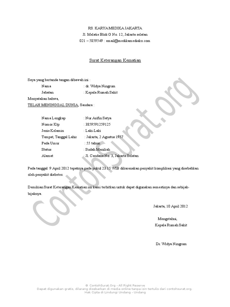 Contoh Surat Keterangan Kematian Di Rumah Sakit Contoh Surat from assets.kompasiana.com Sekilas memang surat keterangan mirip dengan surat surat pernyataan, tapi sebenarnya beda. Dengan mencari langsung contohnya di google mungkin kita bisa mendapatkan format surat keterangan kematian yang kita butuhkan jika kita menggunakan kode di atas. 100% based on 99998 ratings. Namun beberapa bank hanya melayani pembuatan rekening untuk masyarakat yang berdomisili di daerah pelayanan bank tersebut. Semoga ulasan dan contoh format doc (word) dan pdf yang kami lampirkan dalam artikel ini dapat berguna untuk anda yang membutuhkan. Download & view contoh surat keterangan kematian rumah sakit as pdf for free. Untuk membuat surat pernyataan bisa baca contoh surat pernyataaan. Demikian surat keterangan kematian ini kami terbitkan untuk dapat digunakan semestinya dan sebijakbijaknya.
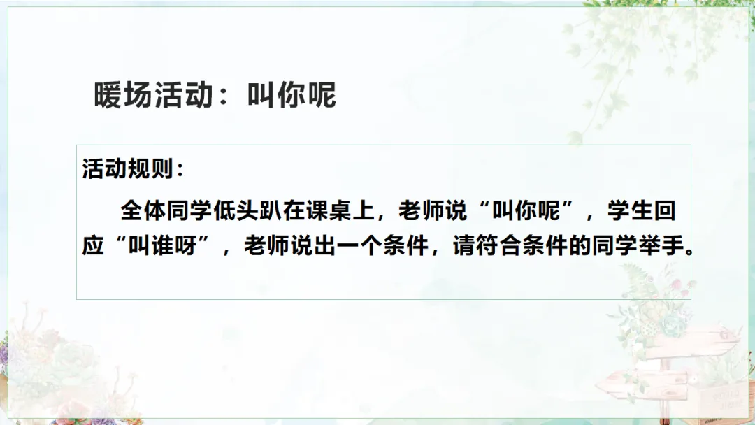呈现活动规则:全体同学低头趴在课桌上,老师说“叫你呢”,学生回应“叫谁呀”,老师说出一个条件,请符合条件的同学举手。
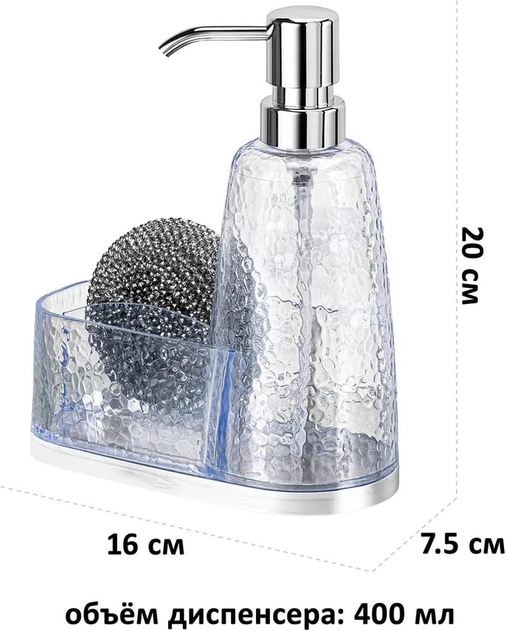 💳 Оплатить за товар можно при получении 🇰🇿 Есть бесплатная доставка по Казахстану от 1 дня 🎁 Копите бонусы с каждой покупки Настольный диспенсер с подставкой под губку подойдёт для жидких моющих средств. Размер изделия — 16×7,5×20 см, объём — 400 мл. Круглая губка поставляется в комплекте. Диспенсер с отделением для хранения губки выполнен из прозрачного пластика. Поверхность пластикового изделия украшена рельефным узором. На дне имеет антискользящую бархатистую подкладку чёрного цвета. Пластиковый дозатор серебряного цвета на бутылке поможет удобно извлекать необходимое количество очищающего средства. Стильный аксессуар с контейнером для губок дополнит вашу кухню и подойдёт к любому интерьеру квартиры благодаря лаконичному дизайну. Наполните ёмкость жидким мылом или жидкостью для мытья посуды и расположите на кухонной раковине или мойке. Имеет отделение с двумя секциями для любых мелочей. Благодаря функциональному кухонному органайзеру вы сможете хранить под рукой всё необходимое для мытья посуды! Не рекомендуется применять абразивные моющие средства. Поставляется в картонной коробке. Декоративный диспенсер станет отличным подарком для родных и близких. Этот набор хозяйственных принадлежностей для мытья посуды — не только практичное, но и эстетичное решение для организации чистоты и порядка в вашем доме. В нашем ассортименте вы найдёте много стильных товаров для дома, в том числе кухонный инвентарь и принадлежности для ванной комнаты. |
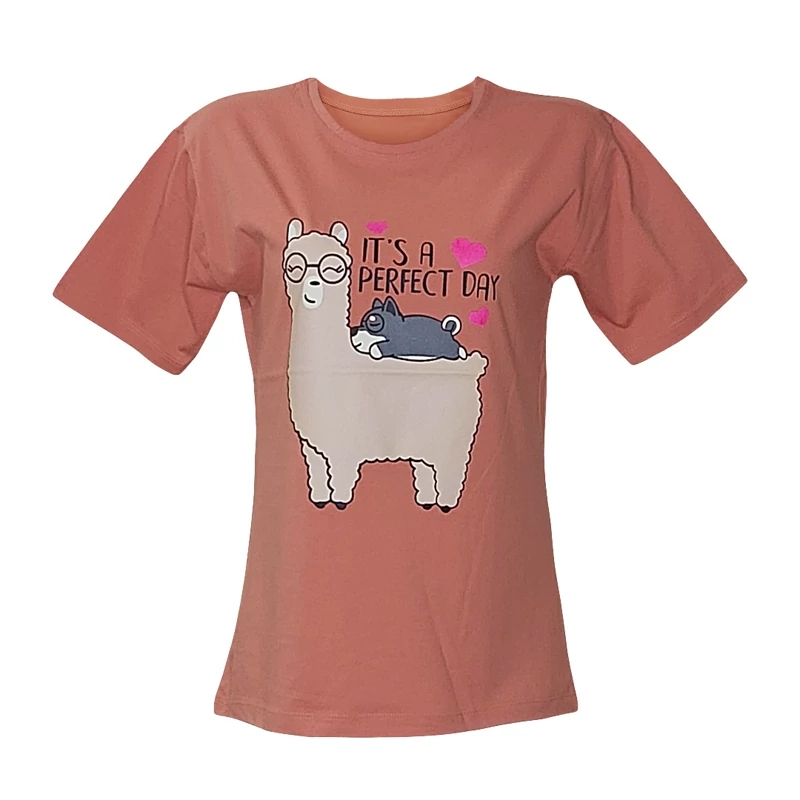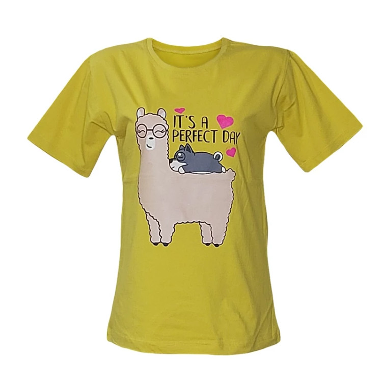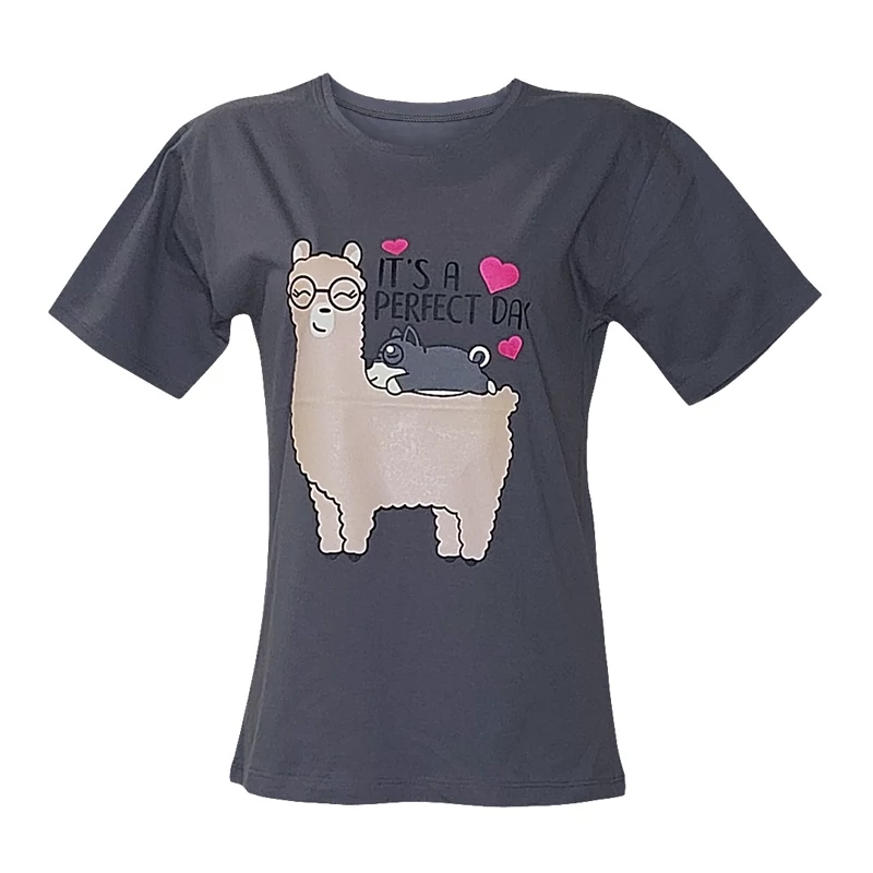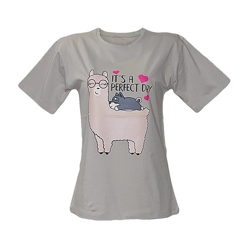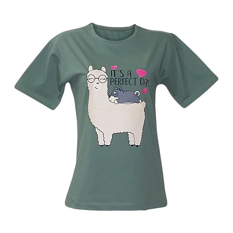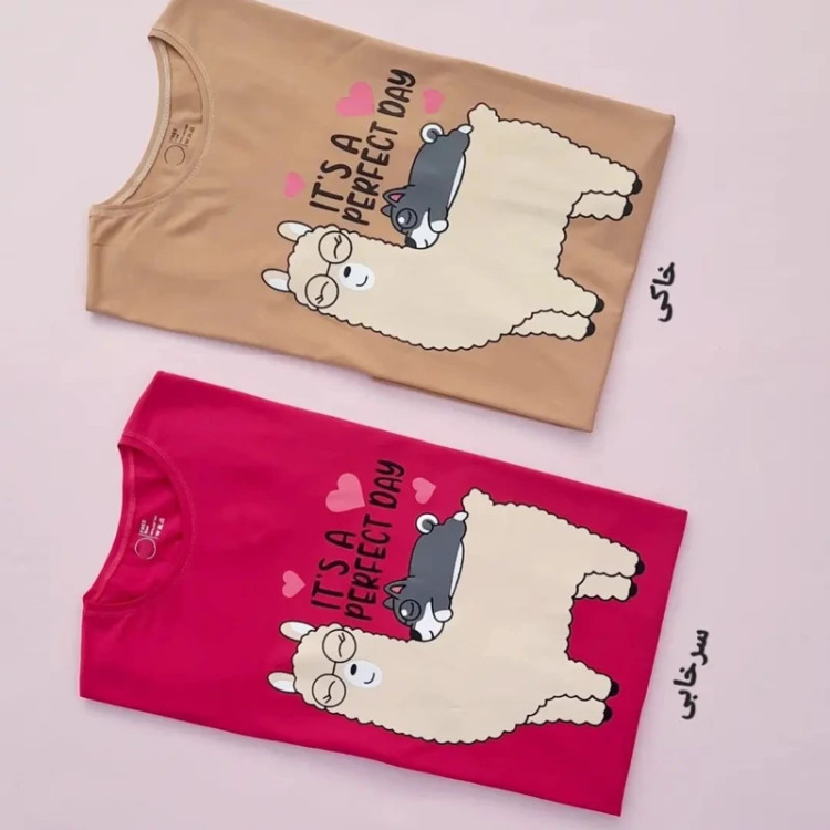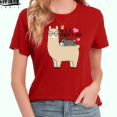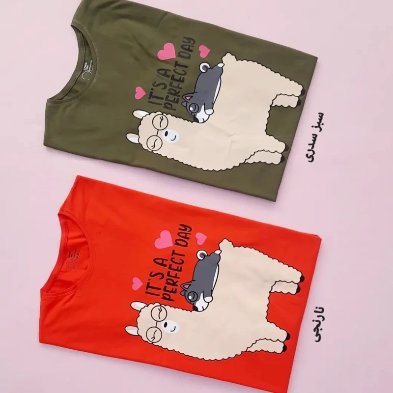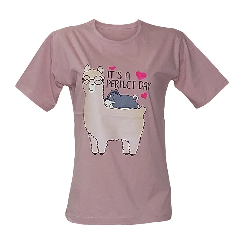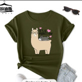 تیشرت زنانه نخ پنبه طرح لاما
——————————
■ WHAT TO WORK ON:
An exact copy of the data is required, with the pictures excluded.

■ SOLUTION TO THIS TASK:
 Contoh Surat Keterangan Kematian Di Rumah Sakit Contoh Surat from assets.kompasiana.com Sekilas memang surat keterangan mirip dengan surat surat pernyataan, tapi sebenarnya beda. Dengan mencari langsung contohnya di google mungkin kita bisa mendapatkan format surat keterangan kematian yang kita butuhkan jika kita menggunakan kode di atas. 100% based on 99998 ratings. Namun beberapa bank hanya melayani pembuatan rekening untuk masyarakat yang berdomisili di daerah pelayanan bank tersebut. Semoga ulasan dan contoh format doc (word) dan pdf yang kami lampirkan dalam artikel ini dapat berguna untuk anda yang membutuhkan. Download & view contoh surat keterangan kematian rumah sakit as pdf for free. Untuk membuat surat pernyataan bisa baca contoh surat pernyataaan. Demikian surat keterangan kematian ini kami terbitkan untuk dapat digunakan semestinya dan sebijakbijaknya.
呈现活动规则:全体同学低头趴在课桌上,老师说“叫你呢”,学生回应“叫谁呀”,老师说出一个条件,请符合条件的同学举手。
 💳 Оплатить за товар можно при получении 🇰🇿 Есть бесплатная доставка по Казахстану от 1 дня 🎁 Копите бонусы с каждой покупки Настольный диспенсер с подставкой под губку подойдёт для жидких моющих средств. Размер изделия — 16×7,5×20 см, объём — 400 мл. Круглая губка поставляется в комплекте. Диспенсер с отделением для хранения губки выполнен из прозрачного пластика. Поверхность пластикового изделия украшена рельефным узором. На дне имеет антискользящую бархатистую подкладку чёрного цвета. Пластиковый дозатор серебряного цвета на бутылке поможет удобно извлекать необходимое количество очищающего средства. Стильный аксессуар с контейнером для губок дополнит вашу кухню и подойдёт к любому интерьеру квартиры благодаря лаконичному дизайну. Наполните ёмкость жидким мылом или жидкостью для мытья посуды и расположите на кухонной раковине или мойке. Имеет отделение с двумя секциями для любых мелочей. Благодаря функциональному кухонному органайзеру вы сможете хранить под рукой всё необходимое для мытья посуды! Не рекомендуется применять абразивные моющие средства. Поставляется в картонной коробке. Декоративный диспенсер станет отличным подарком для родных и близких. Этот набор хозяйственных принадлежностей для мытья посуды — не только практичное, но и эстетичное решение для организации чистоты и порядка в вашем доме. В нашем ассортименте вы найдёте много стильных товаров для дома, в том числе кухонный инвентарь и принадлежности для ванной комнаты. |
 تیشرت زنانه نخ پنبه طرح لاما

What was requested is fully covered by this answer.